Jill G. Brava, Folksypantsy! *claps* What a wonderful analysis. You're right: while Nan's experiments/explorations of gender were one of my favorite things in the novel, I never thought to sit down and actually examine how her clothes worked as a physical representation of that, and of her resulting emotions/range of happiness and sadness. And thinking back now, it's clear that Waters really did give exquisite detail of all the clothing throughout. And yeah, it is the clothes that she seems most distraught about, after getting kicked out of Diana's. Ugh...what a dark portion of this book.

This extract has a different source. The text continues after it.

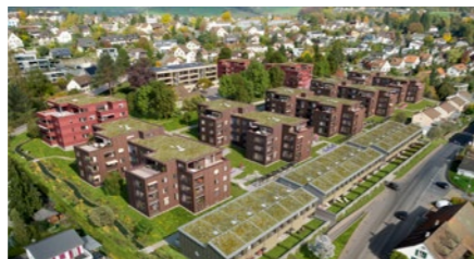
Wohnüberbauung «Baumgarten» in Küttigen

And Karen, I agree with you that I was also surprised, but happy, about the ending. I kept feeling like the whole book was just waiting for Kitty to come back into Nan's life, to be reunited with her "one true love," etc., but then everything about the last ten pages or so was just perfect for me. To realize that you can still have those intense feelings of love for someone, but to realize that they still can't give you what you need--(and therefore, it might not be true love after all)--that makes a much more interesting, and worthwhile story. And often you have to see that in person to understand it, because just living with your memories invites you to believe anything your mind/heart wants to. And Flo! I love Flo! And the feeling Nan got looking around the tent, realizing that she had not just a partner but a true, loving community for the first time in everyone else there--so lovely. The ending totally made the book for me personally.


Karen A. | 13 comments Jill, I loved what you just wrote: "The ending totally made the book for me personally" and I agree, unexpected ending but totally worth it.


Imemyne | 4 comments Just finished. I loved it. I really liked the normalcy of Flo compared to Nancy's craziness. (I'll admit I liked her more than Nancy) I think my absolute favorite part was when Flo was explaining what tipping the velvet was. You'd think after all of Nancy's shenanigans she'd be the one to explain it, but no! It was the normal "plain" do-gooder neighborhood girl. Loved it. I also liked the way Waters used the word saucy. In my head I keep reading it with an accent then I'd snicker. I know I'm a dork. 

Anyways back to the plot, like most of you I thought Nan would go back to Kitty, but I was starting to question that when Flo came on the scene. She was the one of the only girls Nan wasn't immediately attracted to so I was thinking she might end up with her.

To me Diana was a cartoon. I honestly couldn't take any of that too seriously. In my poor everyday life I cant even imagine a life like that. So I was unimpressed, but that's a me thing.

  Last thing about Kitty, I know that she's sorta the bad guy and the catalyst for all the bad things that happen to Nan, but I can't seem to hate her. I feel like she's a complete closet case that thought she can have the best of both worlds. I don't think she ever loved Walter like she did Nan. He's was just a beard. I believe Kitty's speech at the the end when she said she always loved Nan and never really thought she would lose her. I'm glad Nan got away and eventually found everything she needed in Flo, but I don't hate Kitty, I just pity her. 

I love this book club! Can't wait for the next book.